=== Section Start ===
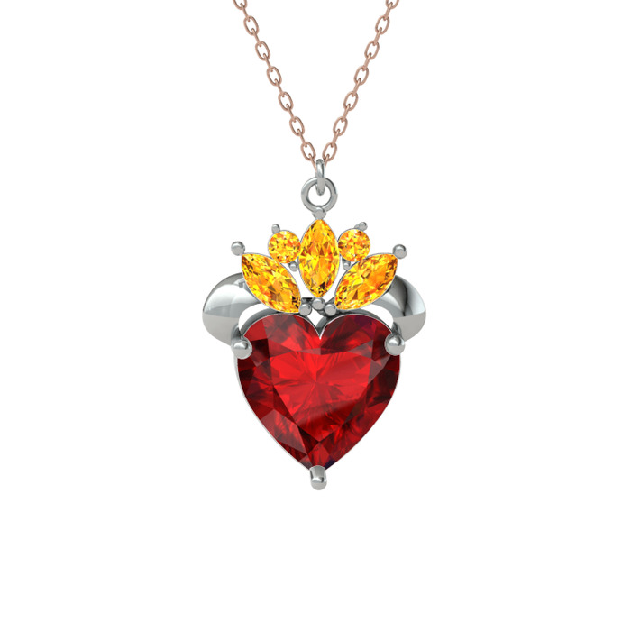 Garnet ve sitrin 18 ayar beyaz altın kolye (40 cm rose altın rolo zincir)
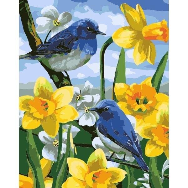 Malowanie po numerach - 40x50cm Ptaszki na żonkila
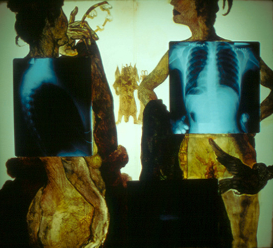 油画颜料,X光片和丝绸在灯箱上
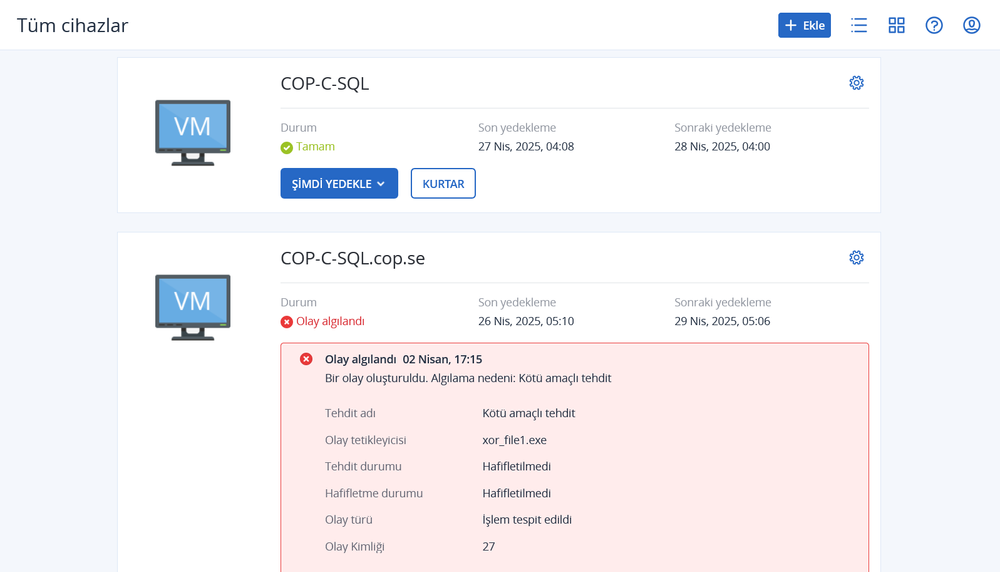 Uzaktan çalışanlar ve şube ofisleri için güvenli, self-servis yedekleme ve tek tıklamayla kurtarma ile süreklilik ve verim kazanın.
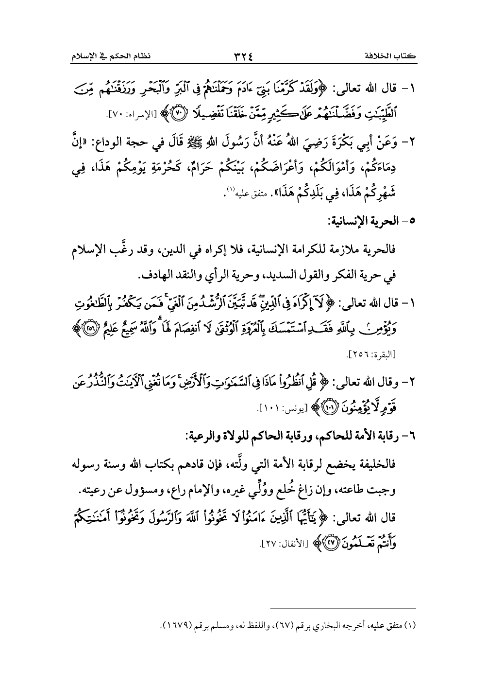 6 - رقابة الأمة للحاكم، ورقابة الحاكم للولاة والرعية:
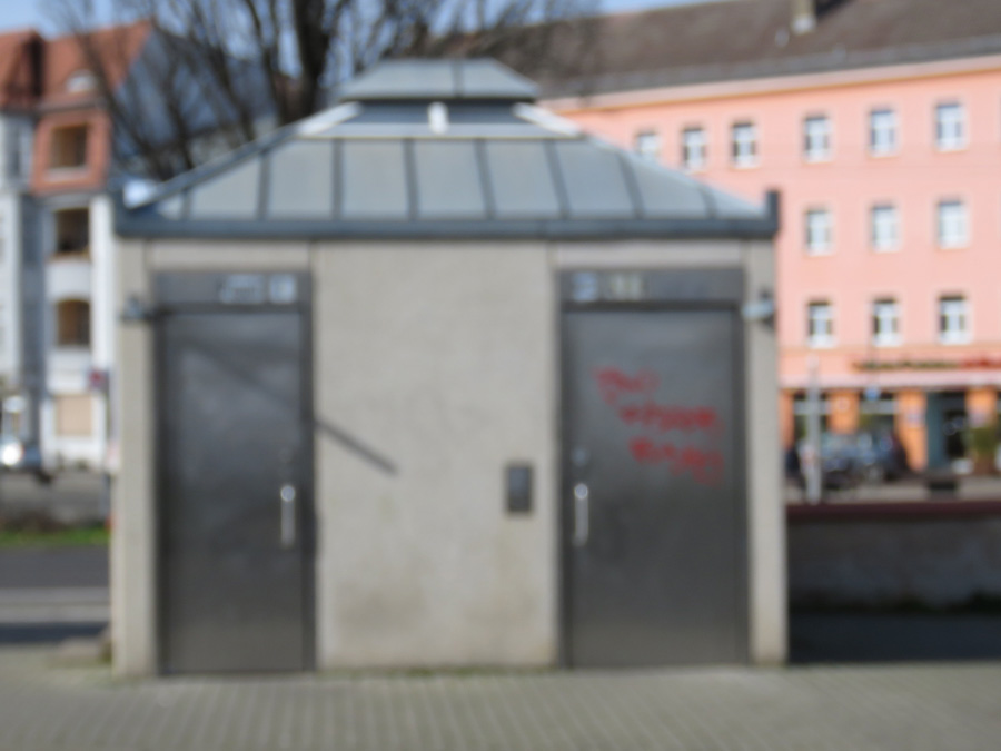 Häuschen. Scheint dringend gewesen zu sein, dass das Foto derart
=== Section End ===
=== Section Start ===
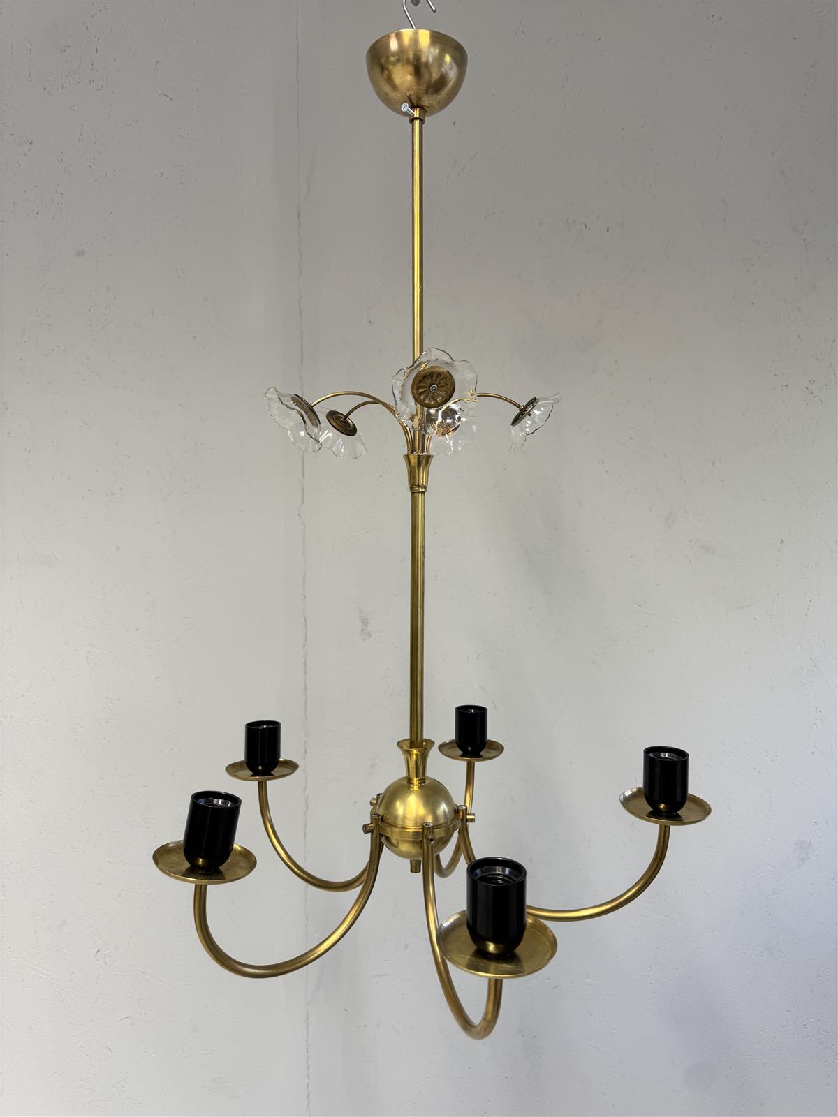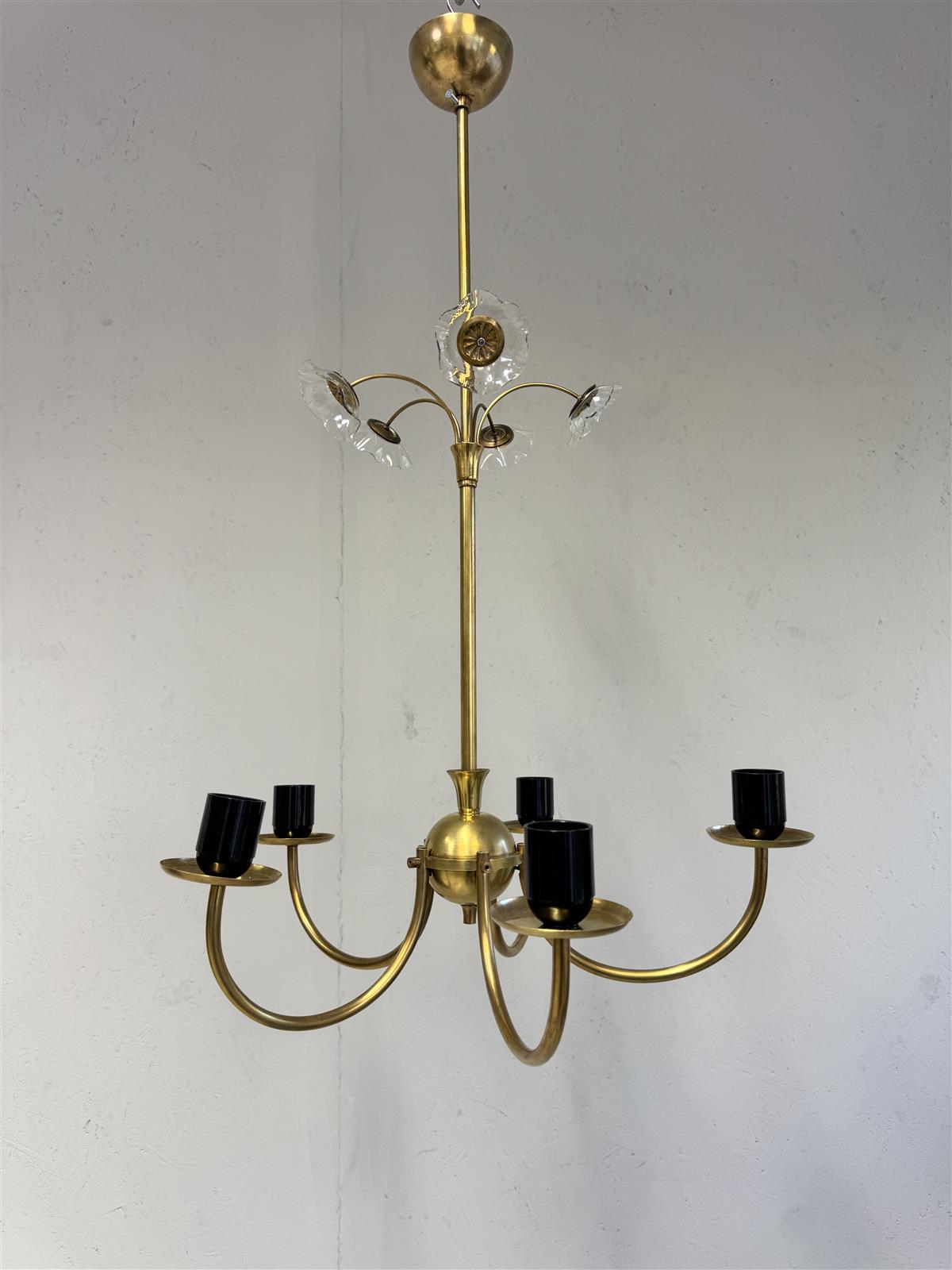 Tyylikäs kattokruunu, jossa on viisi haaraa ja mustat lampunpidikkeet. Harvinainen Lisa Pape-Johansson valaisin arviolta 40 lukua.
=== Section End ===
=== Section Start ===
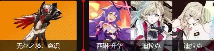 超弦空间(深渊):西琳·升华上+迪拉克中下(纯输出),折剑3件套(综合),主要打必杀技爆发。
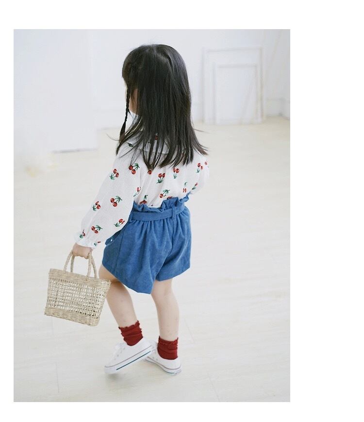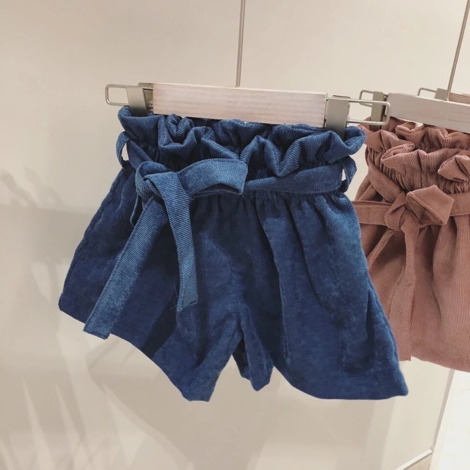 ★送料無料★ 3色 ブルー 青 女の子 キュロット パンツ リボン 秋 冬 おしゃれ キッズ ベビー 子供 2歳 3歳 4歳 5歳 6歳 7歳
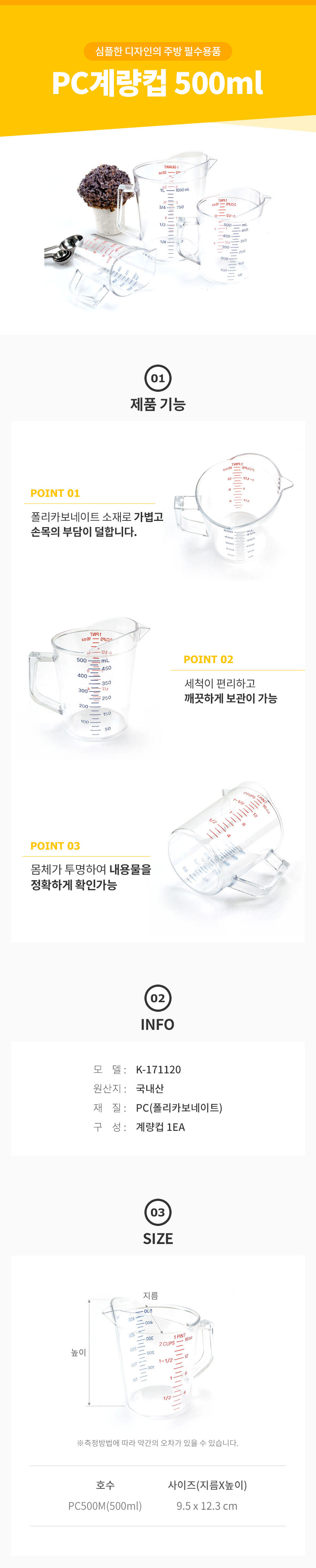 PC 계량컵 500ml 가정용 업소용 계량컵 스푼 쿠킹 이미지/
=== Section End ===
WHAT IS REQUIRED: Going back to the data above, write out everything from the line with "油画颜料,X光片和丝绸在灯箱上" down to the line with "Häuschen. Scheint dringend", both included, leaving every picture out.

WRITTEN RESPONSE:
 油画颜料,X光片和丝绸在灯箱上
 Uzaktan çalışanlar ve şube ofisleri için güvenli, self-servis yedekleme ve tek tıklamayla kurtarma ile süreklilik ve verim kazanın.
 6 - رقابة الأمة للحاكم، ورقابة الحاكم للولاة والرعية:
 Häuschen. Scheint dringend gewesen zu sein, dass das Foto derart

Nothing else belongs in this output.